Tolerating high infection rates won't mean that the NHS can suddenly start getting back to normal more quickly and catch up with all the routine surgery. It will have the opposite effect - it will force more operations to be delayed, and it will put the people who do have them at greater risk of dying post-operatively - even otherwise healthy people who would normally not be in a high risk category for covid.

canigooutyet · 26/08/2020 19:39

How is the NHS being protected when they aren't treating people?
As we all know some stuff if not treated becomes infectious. The longer it's left the worse it gets and of course as we know, more people catch it.

We are constantly reminded that flu season will be a nightmare. Well no shit. How many people are being denied medical treatment at the moment? When it comes to a lot of those health issues we know untreated the person declines. To be able to fight things like flu we need our immune systems, we need to be healthy, well as healthy as we can.

Bollss · 26/08/2020 19:53

@Didkdt

I think instead of saying we got it wrong because the NHS wasn't overwhelmed we should be proud we got it right. That 111 GPs Hot clinics and the hospitals co-ordinating and the vulnerable shielding meant we managed this.
As well as lots of people not recieving medical care they desperately needed, yeah.
canigooutyet · 26/08/2020 19:53

@eeeyoresmiles
Thank you. That explains the ''it;s the guidelines' thing that often gets mentioned.

Waiting lists don't bother me, even when delays happen. It's surgery, sometimes there's complications (although it's usually me).

Yea it can be hard at times getting hold of the ward/consultant, it's to be expected. They deal with emergencies.

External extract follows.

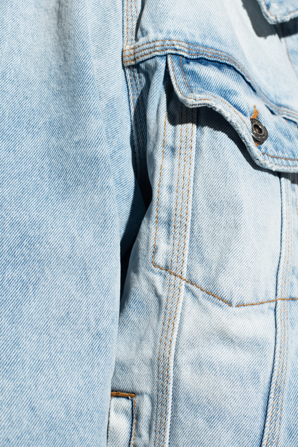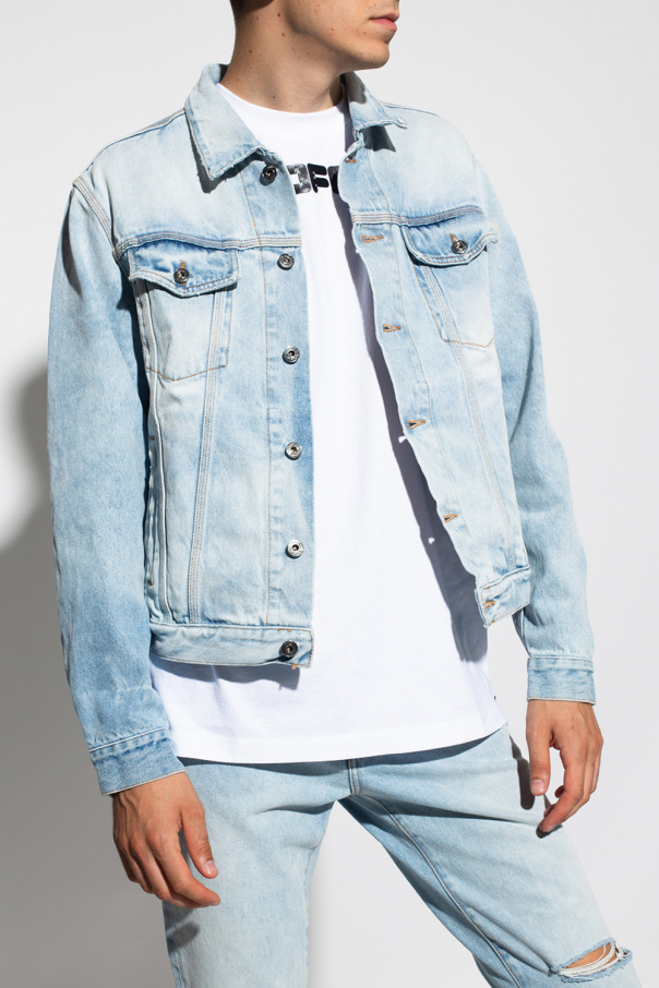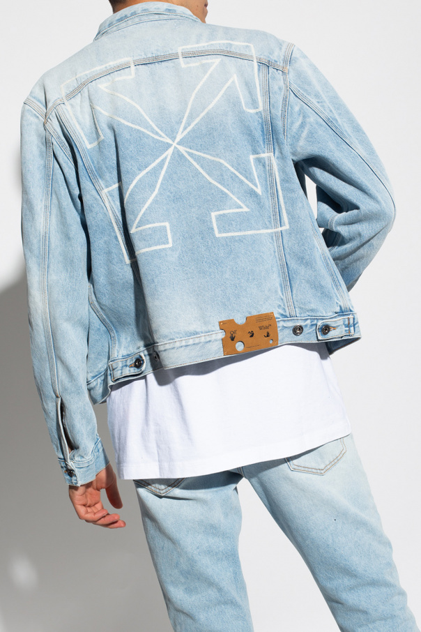 Light blue distressed denim jacket from Off-White. Fastened with buttons, this long sleeve design is complete with a logo embroidery, two slip pockets and two buttoned flap pockets.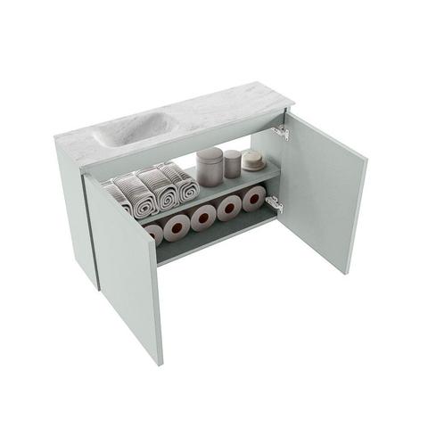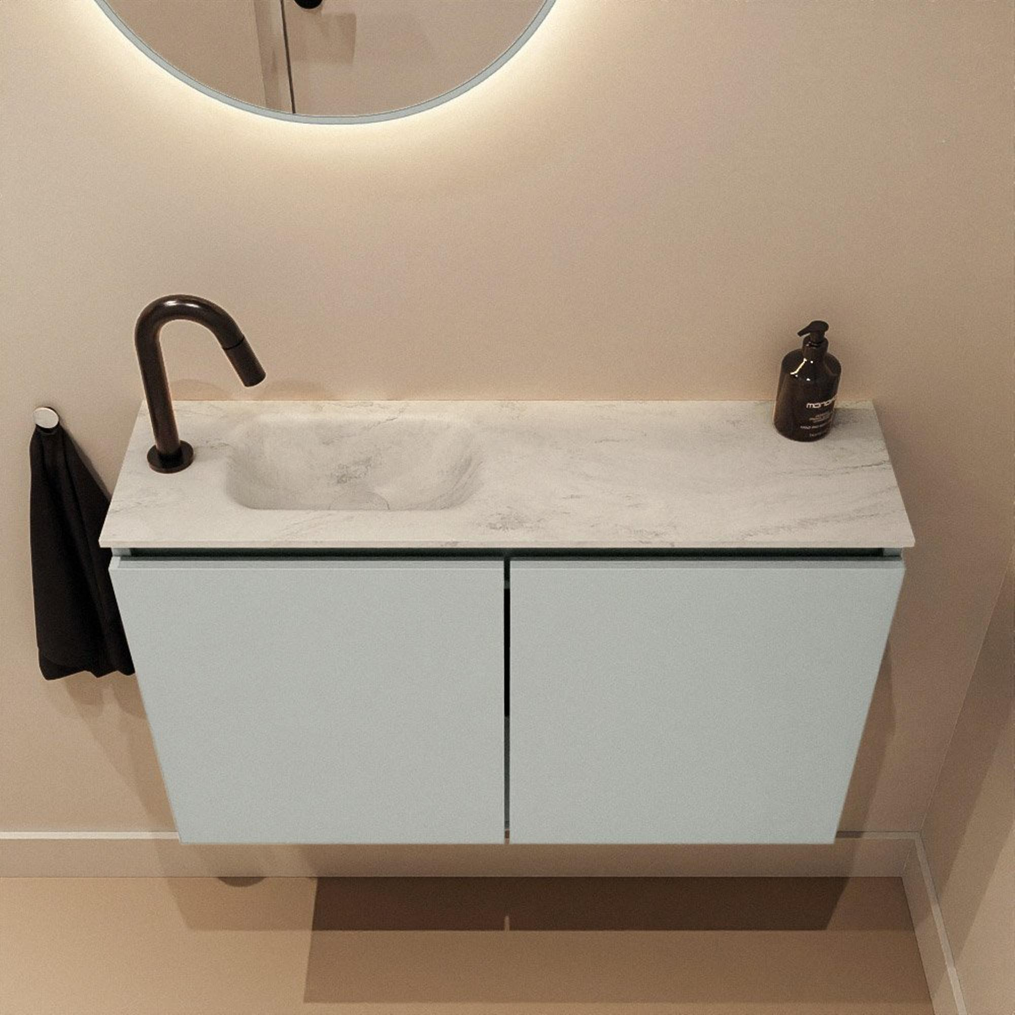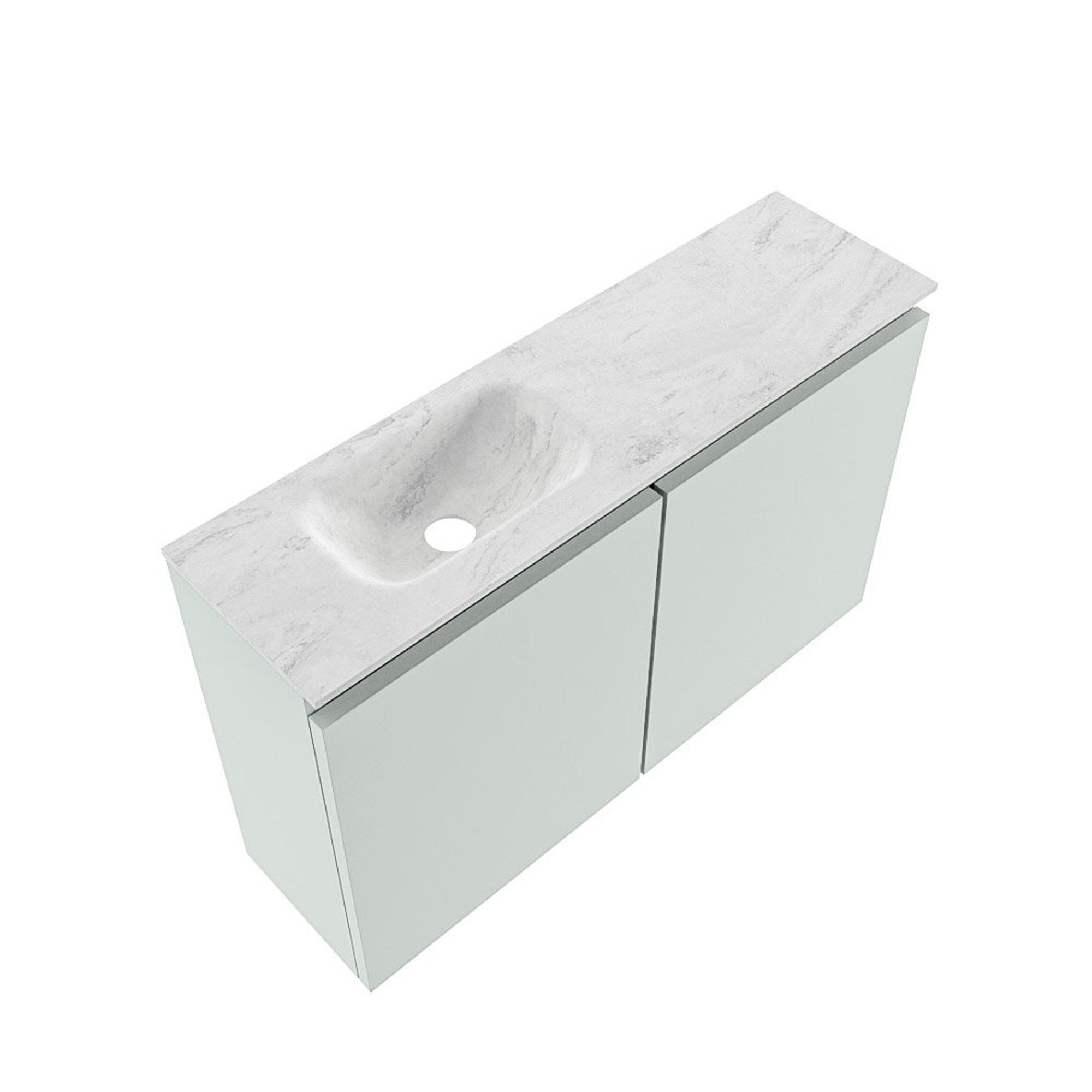 MONDIAZ TURE-DLUX Meuble WC 80 cm Greey. EDEN lavabo Opalo position gauche. Avec 1 trou de robinet.

It's just the actual unknown. I've had times when I've done a little cheer because I've got on the waiting list, a bigger cheer when it's not that long. At least it was something to look forward to in a way. One step closer, hopefully, to having things fixed.

Now what is there to look forward to? I cannot make no plans for next week, never mind Christmas and next year summer holiday, fingers crossed.

Please don't feel I'm aiming those questions/comments at you. They aren't really aimed at anyone. I frustrated, I've had enough, we cannot carry on like this indefinitely. I talk to friends abroad, and of course there has been local disruptions, nothing like this. (I say talk, muted at the moment cos I'm not sure if they are serious)

Mindymomo · 26/08/2020 20:32

I think the slogan should have been to protect the nation. My husband was admitted to hospital late April after a heart attack, where I can assure you it was a very scary time for all staff and patients. Patients being admitted were not tested unless they had symptoms, so were put into wards where staff were just wearing normal masks were treating the unknown. We do now need to protect the NHS as we need to start working on the backlog of patients still waiting to be seen and treated.